There's an old, long thread on here somewhere regarding Poinsettia at Christmas. My experience of these is they nearly always look dreadful fairly quickly, starting with dropping leaves which often go black first, so they're defoliated within a week or two. In all the years I've bought them, I've had 3 which still looked good weeks later - all the others didn't, and given I've been buying them for 30 years or so, well... It doesn't seem to make much difference where you buy them either - one Marks and Spencer one looked awful within a week, but another from there the following year did really well. The other two that did well came variously from Tesco and Waitrose.
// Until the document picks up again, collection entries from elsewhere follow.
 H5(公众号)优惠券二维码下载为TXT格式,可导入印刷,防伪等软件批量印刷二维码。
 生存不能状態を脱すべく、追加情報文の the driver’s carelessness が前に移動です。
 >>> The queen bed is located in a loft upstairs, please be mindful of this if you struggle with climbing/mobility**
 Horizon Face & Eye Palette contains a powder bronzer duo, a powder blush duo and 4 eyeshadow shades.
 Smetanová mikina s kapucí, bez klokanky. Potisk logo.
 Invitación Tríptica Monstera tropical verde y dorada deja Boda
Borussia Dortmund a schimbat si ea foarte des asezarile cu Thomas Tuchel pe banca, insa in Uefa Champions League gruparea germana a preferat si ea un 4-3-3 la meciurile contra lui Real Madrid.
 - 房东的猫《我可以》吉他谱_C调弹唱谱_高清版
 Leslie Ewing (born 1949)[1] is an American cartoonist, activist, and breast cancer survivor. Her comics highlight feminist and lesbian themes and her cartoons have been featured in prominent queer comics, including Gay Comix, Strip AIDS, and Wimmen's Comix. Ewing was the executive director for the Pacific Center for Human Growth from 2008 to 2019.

These days, I leave it till the last possible moment to buy one in hopes it'll at least look fine for Christmas Day and Boxing Day... I remember when Tesco had a 'promise' on these - if it didn't last two weeks, you could exchange it,and one year, I took back two for exchange - it didn't last long, they only ran that for a couple of years!
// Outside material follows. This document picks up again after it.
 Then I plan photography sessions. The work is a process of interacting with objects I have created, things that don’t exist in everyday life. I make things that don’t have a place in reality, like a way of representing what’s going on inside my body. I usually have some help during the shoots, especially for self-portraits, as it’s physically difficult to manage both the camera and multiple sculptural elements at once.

If you've not over watered,its not in a draught and not near a heat source, its not your fault, is what I'm trying to say - its more to do with being hot house mass produced, transported, and transported again after you've bought one, so essentially, transition shock. Probably a lot safer to buy a Christmas Cherry (also called Jerusalem Cherry, Solanum capsicastrum) for Christmas decoration purposes, though these days, they are much harder to find.

2 Dec, 2019


Thanks as usual! I know these plants don't last that long and are usually given as gifts just before Christmas to be typically discarded after the festive season. They look very nice in M&S in a crowd and I have always wondered if shops spray them with something to keep them looking fresh. However, the one I have now has broken all comers records and started to shed leaves almost immediately. I was, however, given one at work some years ago and it lived on and on. It never looked good and only ever developed one or two red leaves around this time of the year. I never throw away a living plant, no matter how sad it looks but it does go to show an exception to the rule. Thanks also for your suggestions for alternative indoor plants.

4 Dec, 2019


My family have all been warned not to buy me any poinsettias as I spend too much energy trying and failing to keep them going. I hate just watching plants die!

8 Dec, 2019


So do I, Pennyfarthin! I always feel guilty even when people convince me it is not my fault, like the other contributors here.

9 Dec, 2019


I live in a sunny part of Australia - the Gold Coast - and mine grows like crazy outside. It's all about the climate matching the origin of the plant as much as possible. This plant needs lots of sunlight and likes to be watered, but not soaking in water. Warm enough to be comfortable for you.
The northern hemisphere is just not compatible enough at Christmas time. I think it's all in the forced conditions to market this as 'Christmassy'. Don't worry about it. There's heaps more beautiful plants out there.

13 Dec, 2019


Thanks, Jenniferjun! Are you trying to make me envious telling me that you live on the Gold Coast, which must have been one of the places I have seen them growing naturally!!! You have succeeded! I have a relative in Melbourne, Phillip Island at the moment, and she grows a lemon tree. She said she got 40 lemons off it. I tried this and it was a disaster! Season's Greeting to you!